• [Work task]: Return exactly the lines from the "SAMARINDA - Gubernur" line through the last line of the entries below. Include no pictures.

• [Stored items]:
_____
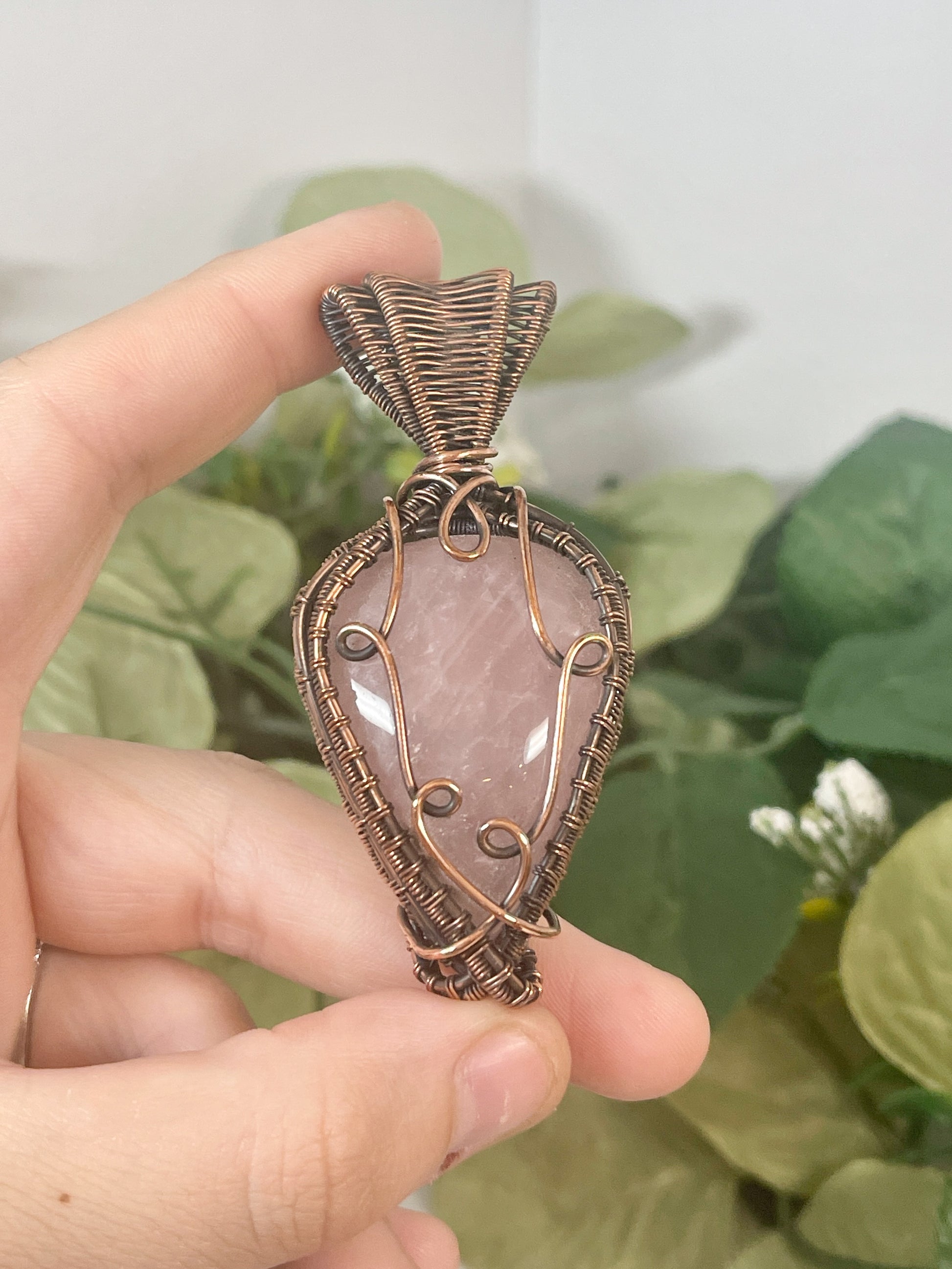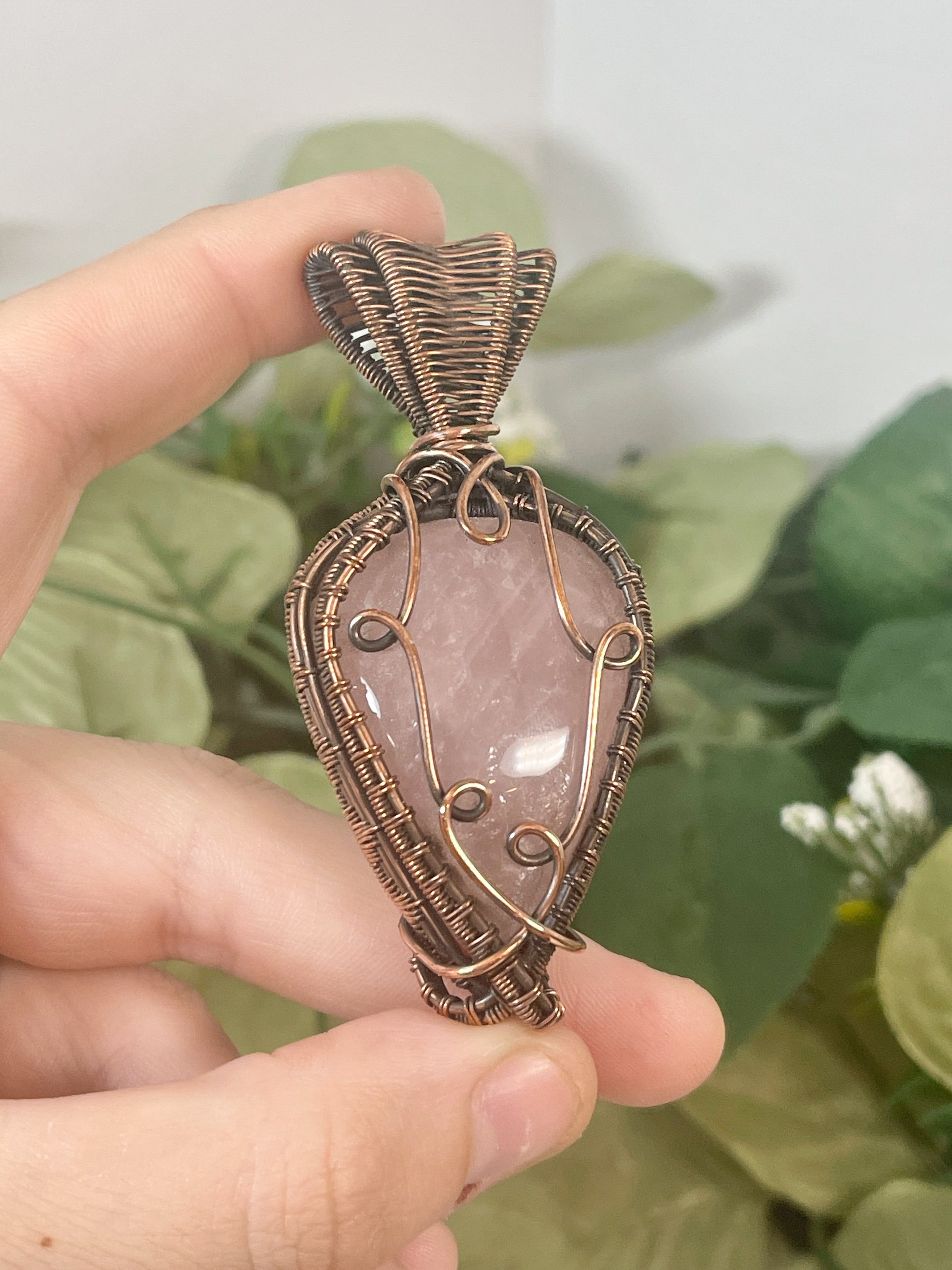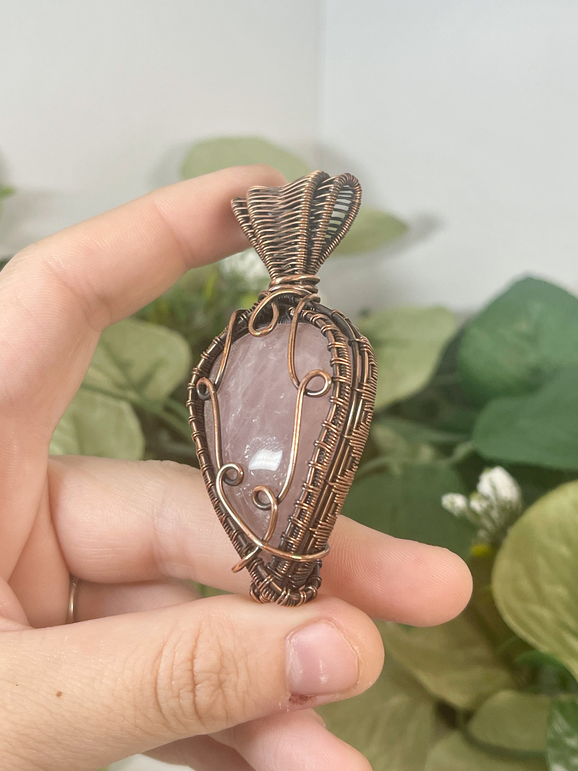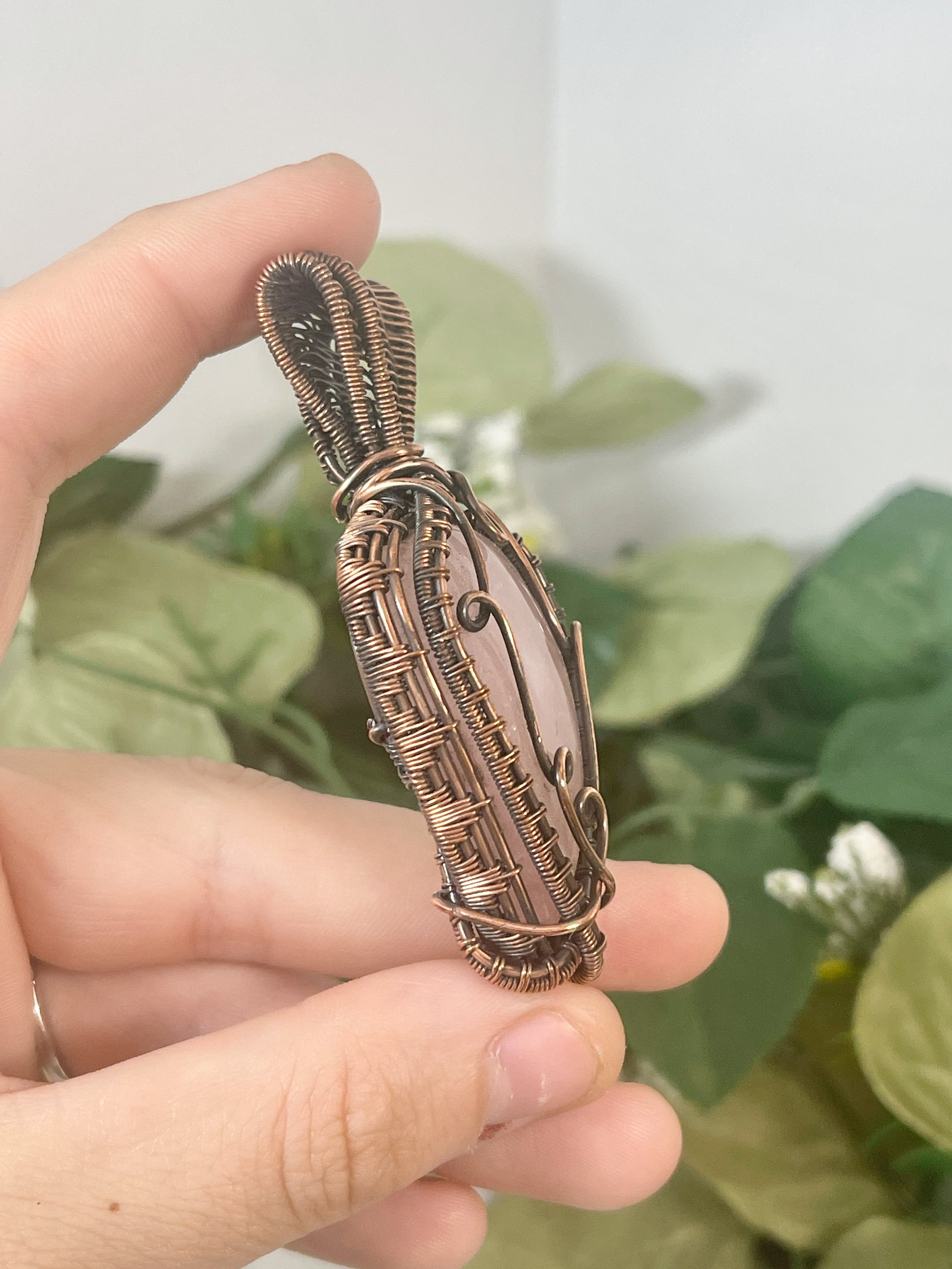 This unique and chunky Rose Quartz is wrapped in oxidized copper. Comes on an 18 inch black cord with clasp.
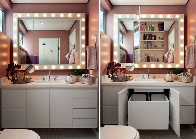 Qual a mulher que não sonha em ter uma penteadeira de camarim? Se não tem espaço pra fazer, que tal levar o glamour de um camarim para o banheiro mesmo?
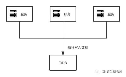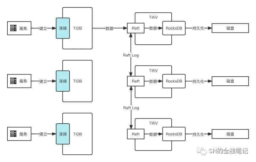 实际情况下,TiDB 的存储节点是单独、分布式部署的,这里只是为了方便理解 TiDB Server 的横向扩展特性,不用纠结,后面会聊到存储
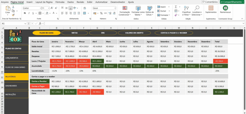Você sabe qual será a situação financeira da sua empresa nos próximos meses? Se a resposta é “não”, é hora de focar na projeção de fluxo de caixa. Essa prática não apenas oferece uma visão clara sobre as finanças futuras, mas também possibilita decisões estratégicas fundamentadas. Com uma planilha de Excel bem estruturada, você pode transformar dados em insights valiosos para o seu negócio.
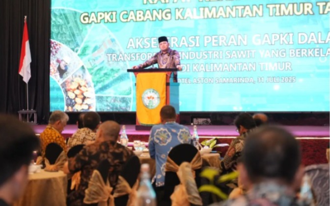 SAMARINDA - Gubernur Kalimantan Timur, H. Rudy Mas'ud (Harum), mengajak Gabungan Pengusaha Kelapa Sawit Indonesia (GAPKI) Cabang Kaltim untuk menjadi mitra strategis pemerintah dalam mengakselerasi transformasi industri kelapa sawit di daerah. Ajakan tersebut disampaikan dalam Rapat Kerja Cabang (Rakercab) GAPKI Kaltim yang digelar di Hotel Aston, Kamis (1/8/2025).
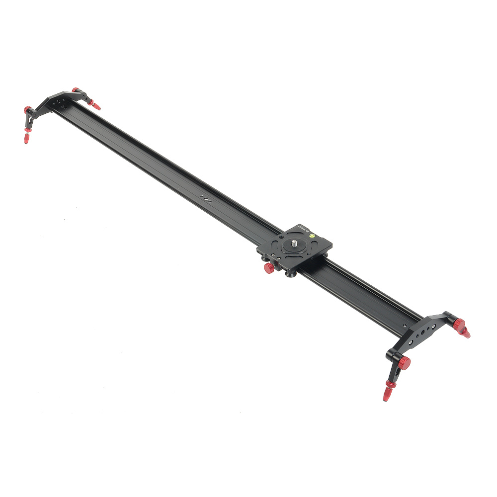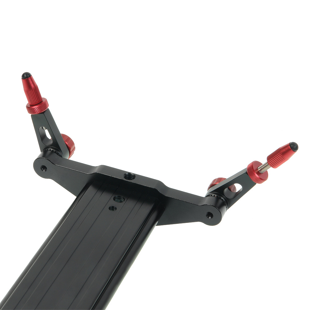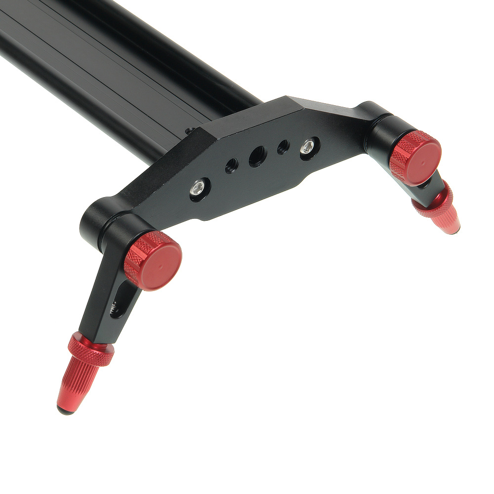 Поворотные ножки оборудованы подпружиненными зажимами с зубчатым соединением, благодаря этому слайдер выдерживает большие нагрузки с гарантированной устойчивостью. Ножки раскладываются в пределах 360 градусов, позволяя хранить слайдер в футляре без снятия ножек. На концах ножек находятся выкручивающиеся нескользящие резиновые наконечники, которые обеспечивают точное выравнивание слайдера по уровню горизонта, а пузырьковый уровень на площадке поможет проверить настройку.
_____
• [Exercise answer]:
 SAMARINDA - Gubernur Kalimantan Timur, H. Rudy Mas'ud (Harum), mengajak Gabungan Pengusaha Kelapa Sawit Indonesia (GAPKI) Cabang Kaltim untuk menjadi mitra strategis pemerintah dalam mengakselerasi transformasi industri kelapa sawit di daerah. Ajakan tersebut disampaikan dalam Rapat Kerja Cabang (Rakercab) GAPKI Kaltim yang digelar di Hotel Aston, Kamis (1/8/2025).
 Поворотные ножки оборудованы подпружиненными зажимами с зубчатым соединением, благодаря этому слайдер выдерживает большие нагрузки с гарантированной устойчивостью. Ножки раскладываются в пределах 360 градусов, позволяя хранить слайдер в футляре без снятия ножек. На концах ножек находятся выкручивающиеся нескользящие резиновые наконечники, которые обеспечивают точное выравнивание слайдера по уровню горизонта, а пузырьковый уровень на площадке поможет проверить настройку.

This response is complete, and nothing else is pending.